A2O without Pre-clarification is a type of activated sludge process where a sequence of anaerobic, anoxic and aerobic tanks/zones are provided to remove organic carbon, nitrogen and phosphorus.

5-stage Bardenpho with Pre-clarification is an A2O process followed by a second anoxic zone and aerobic zone. Digester is used for the stabilization of sludge allowing a large fraction of the sludge organic matter to decompose under anaerobic conditions to carbon dioxide and methane.

A2O with pre-clarification is system where pre- clarification is followed by A2O system to remove organic carbon, nitrogen, and phosphorus51. Anaerobic digestion is used to stabilize the sludge coming from pre-clarification and final clarification units52.

Establishment of decision matrices

Since four different wastewater treatment plants, which are predicted to be of critical importance for Istanbul, are A1, A2, A3 and A4 as explained above, the set of alternatives is defined as \(A= \left\{{A}_{1}, {A}_{2}, {A}_{3}, {A}_{4}\right\}\).

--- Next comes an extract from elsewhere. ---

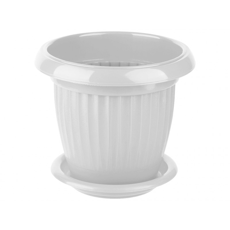 Вазон круглый 190 Кс 2,0л ребро с подставкой белый

In the decision model, four main criteria related to the sustainability aspects of WWTP technologies and 24 sub-criteria were determined as shown in Fig. 1, and the set of sub criteria is \(C= \left\{{C}_{1}, {C}_{2}, \dots , {C}_{24}\right\}\). The crisp data obtained from real scale WWTPs belonging to sub-criteria are as listed in Table 4. The proposed fuzzy decision making framework comprises three main phases as namely data transformation, data normalization, and calculation of dominance of each alternatives to rank. The data transformation phase performed with two different approaches depending on the qualitative and quantitative criteria. For the crisp values of quantitative data are transformed to TrFNs with respect to 20% uncertainty of condition and 5% of symmetric uncertainty around the mean calculated by \({a}_{1}=t-0.2 t, {a}_{2}= t-0.05 t, {a}_{3 =}t+0.05 t,\) and \({a}_{4=} t+0.2 t\).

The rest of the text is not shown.